Correlations between corneal and optic nerve head variables in healthy subjects and patients with primary open angle glaucoma

Federico Saenz-Frances 1, Luis Jañez 2, Lara Borrego-Sanz 1, Clara Berrozpe-Villabona 1, Jose Maria Martinez-de-la-Casa 1, Laura Morales-Fernandez 1, Julian Garcia-Sanchez 1, Enrique Santos-Bueso 1, Julian Garcia-Feijoo 1
PMCID: PMC4651881  PMID: 26682165

Abstract

AIM

To correlate corneal variables (determined using the Pentacam) with optic nerve head (ONH) variables determined using the Heidelberg retina tomograph (HRT) in healthy subjects and patients diagnosed with primary open angle glaucoma (POAG).

METHODS

Measurements were made in 75 healthy eyes and 73 eyes with POAG and correlations examined through Pearson correlation coefficients between the two sets of variables in the two subject groups. The corneal variables determined were corneal volume (CVol), central corneal thickness (CCT), overall corneal thickness (OvCT), the mean thickness of a circular zone centered at the corneal apex of 1 mm radius (zone I) and the mean thickness of several concentric rings, also centered at the apex until the limbus, each of 1 mm width (zones II to VI respectively). The ONH variables were determined using the HRT.

RESULTS

The following pairs of variables were correlated in the control group: CCT-disc area (DAr) (-0.48; P<0.0001), Zone I-DAr (-0.503; P<0.0001) and Zone II-DAr (-0.443; P<0.0001); and in the POAG group: CCT-cup-to-disc area ratio (CDRa) (-0.402; P<0.0001), Zone I-CDRa (-0.418; P<0.0001), Zone II-CDRa (-0.405; P=0.006), Zone I-cup shape measure (CSM) (-0.415; P=0.002), Zone II-CSM (-0.405; P=0.001), Zone IV-height variation contour (HVC) (0.378; P=0.002); Zone V-HVC (0.388, P<0.0001).

CONCLUSIONS

In the healthy subjects, significant negative correlation was detected between central and paracentral corneal thickness and optic disc area. In contrast, the POAG patients showed significant negative correlation between central and paracentral corneal thickness and the cup-disc ratio and CSM, and positive correlation between peripheral corneal thickness and HVC.

Keywords: glaucoma, optic nerve head, corneal thickness

INTRODUCTION

Primary open angle glaucoma (POAG) is defined as an optic neuropathy of multifactorial origin whose main characteristic feature is optic nerve head (ONH) damage due to a loss of ganglion cells[1]. Although the main known risk factor for disease onset and progression is elevated intraocular pressure (IOP)[2][6], reports exist of a link between corneal properties, such as corneal thickness, and susceptibility to glaucoma[7][16]. In effect, reduced central corneal thickness (CCT) is regarded as a risk factor for the development and progression of POAG[8],[9]. Many studies have reported that thinner corneas may lead to underestimated IOP, and for thicker corneas, IOP may be overestimated[11][13]. However, the effect of CCT on IOP readings alone seems insufficient to explain the increased susceptibility to glaucoma detected in individuals with thinner corneas[7]. In the Ocular Hypertension Treatment Study, a low CCT value was identified as a risk factor for conversion of patients with ocular hypertension to POAG, after statistical correction for IOP and other risk factors[7],[14].

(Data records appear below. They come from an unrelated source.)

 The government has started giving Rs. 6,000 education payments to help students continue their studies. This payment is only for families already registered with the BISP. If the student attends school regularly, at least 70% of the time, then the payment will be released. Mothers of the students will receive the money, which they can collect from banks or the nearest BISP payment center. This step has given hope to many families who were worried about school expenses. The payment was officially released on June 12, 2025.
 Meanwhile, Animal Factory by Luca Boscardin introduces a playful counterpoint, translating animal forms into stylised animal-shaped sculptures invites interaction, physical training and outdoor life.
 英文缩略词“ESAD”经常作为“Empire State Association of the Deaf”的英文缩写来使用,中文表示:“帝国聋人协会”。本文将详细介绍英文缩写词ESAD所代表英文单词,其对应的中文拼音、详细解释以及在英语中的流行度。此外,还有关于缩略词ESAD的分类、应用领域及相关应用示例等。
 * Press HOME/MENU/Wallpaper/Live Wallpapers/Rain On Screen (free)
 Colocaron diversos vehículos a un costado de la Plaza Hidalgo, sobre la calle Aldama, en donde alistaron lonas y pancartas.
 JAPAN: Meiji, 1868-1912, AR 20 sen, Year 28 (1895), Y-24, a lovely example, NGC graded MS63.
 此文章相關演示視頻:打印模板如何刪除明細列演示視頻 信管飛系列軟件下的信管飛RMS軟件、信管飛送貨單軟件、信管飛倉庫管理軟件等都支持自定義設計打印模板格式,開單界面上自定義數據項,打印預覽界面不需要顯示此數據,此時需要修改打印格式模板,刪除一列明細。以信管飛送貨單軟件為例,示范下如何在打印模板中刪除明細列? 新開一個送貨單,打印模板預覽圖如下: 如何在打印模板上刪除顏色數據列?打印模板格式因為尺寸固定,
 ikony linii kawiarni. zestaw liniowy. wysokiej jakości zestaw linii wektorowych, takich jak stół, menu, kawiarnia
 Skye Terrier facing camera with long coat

Based on the important role of corneal thickness in glaucoma, in prior work we reported that a model based on corneal thickness measurements that partitioned the corneal surface into 1 mm-diameter concentric rings centered at the apex showed some capacity to discriminate between healthy eyes and eyes with POAG[17]. Moreover, we observed that some zones of this model had an impact on IOP measurements determined both by Goldmann applanation tonometer (GAT) and dynamic contour tonometry (DCT) in a group of healthy subjects[18].

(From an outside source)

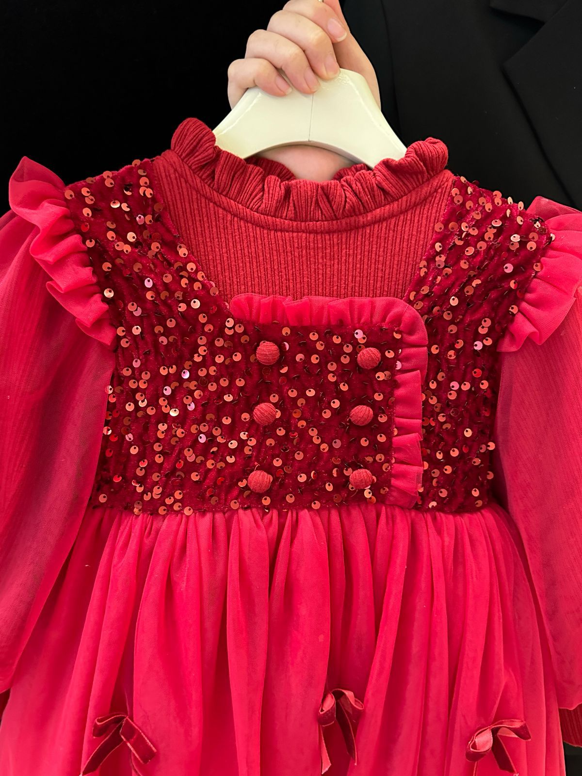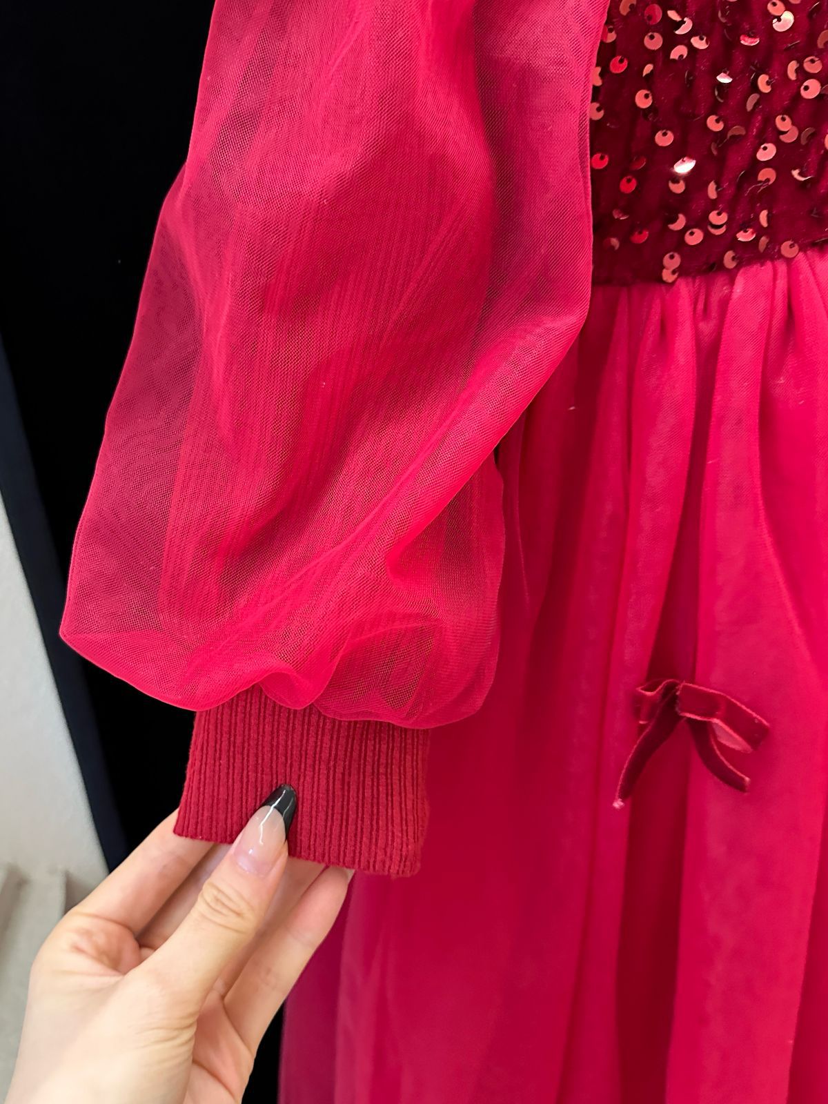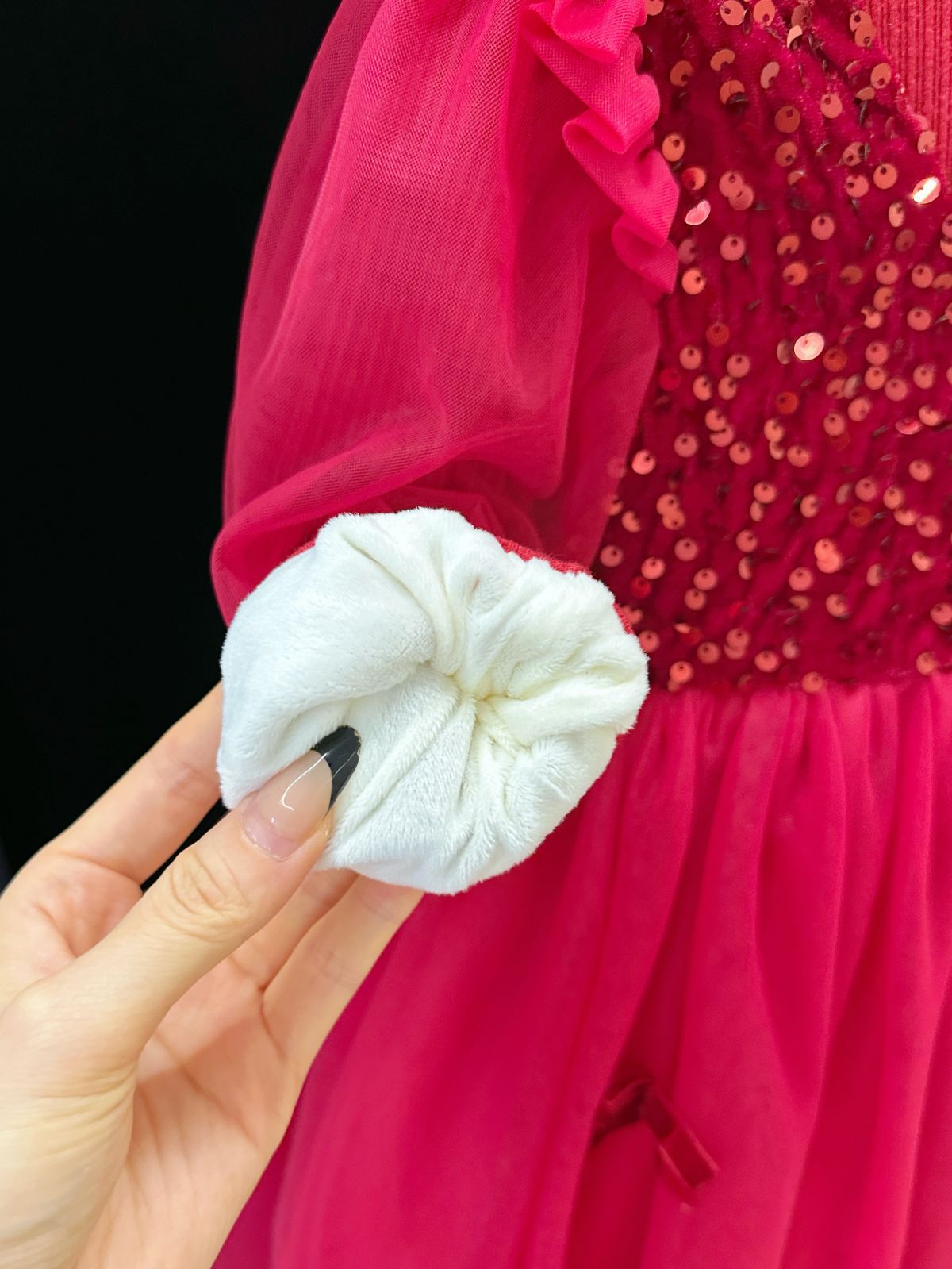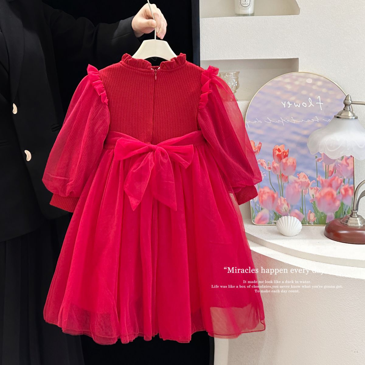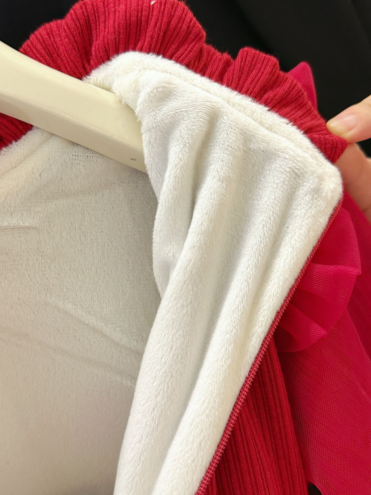 여자 기모 원피스 겨울 2024 새로운 중소 어린이 소매 패딩 메쉬 스커트 아기 소녀 공주 스커트스토어 가기

This study was designed to examine correlations between CCT and the mean thicknesses of the zones defined in our corneal partitioning model[17],[18], and morphometric ONH variables determined using the Heidelberg retina tomograph (HRT).

SUBJECTS AND METHODS

We performed a cross-sectional study in healthy volunteers and patients with POAG. The patients were recruited from the Glaucoma Unit of the Hospital Clinico San Carlos, Madrid (Spain) and control subjects among hospital staff and patients' companions though no patient consanguineous relatives were included. The study protocol was approved by our Institution's Review Board and complied with the guidelines of the Declaration of Helsinki. Informed consent was obtained from each participant before inclusion in the study. All the study participants were Caucasian. Eyes were considered to be glaucomatous if they had shown abnormal results in at least two consecutive visual field exams (Octopus TOP-G1X) and if there was evidence of glaucomatous damage, as determined by the appearance of the ONH. The glaucoma patients were required to show gonioscopic evidence of an open angle. Subjects with non-POAG (e.g. pseudoexfoliation, pigment dispersion, neovascularization) were excluded. It was checked that control subjects had an IOP <21 mm Hg, a normal visual field and a non-glaucomatous appearing optic disc, so glaucoma suspects were discharged.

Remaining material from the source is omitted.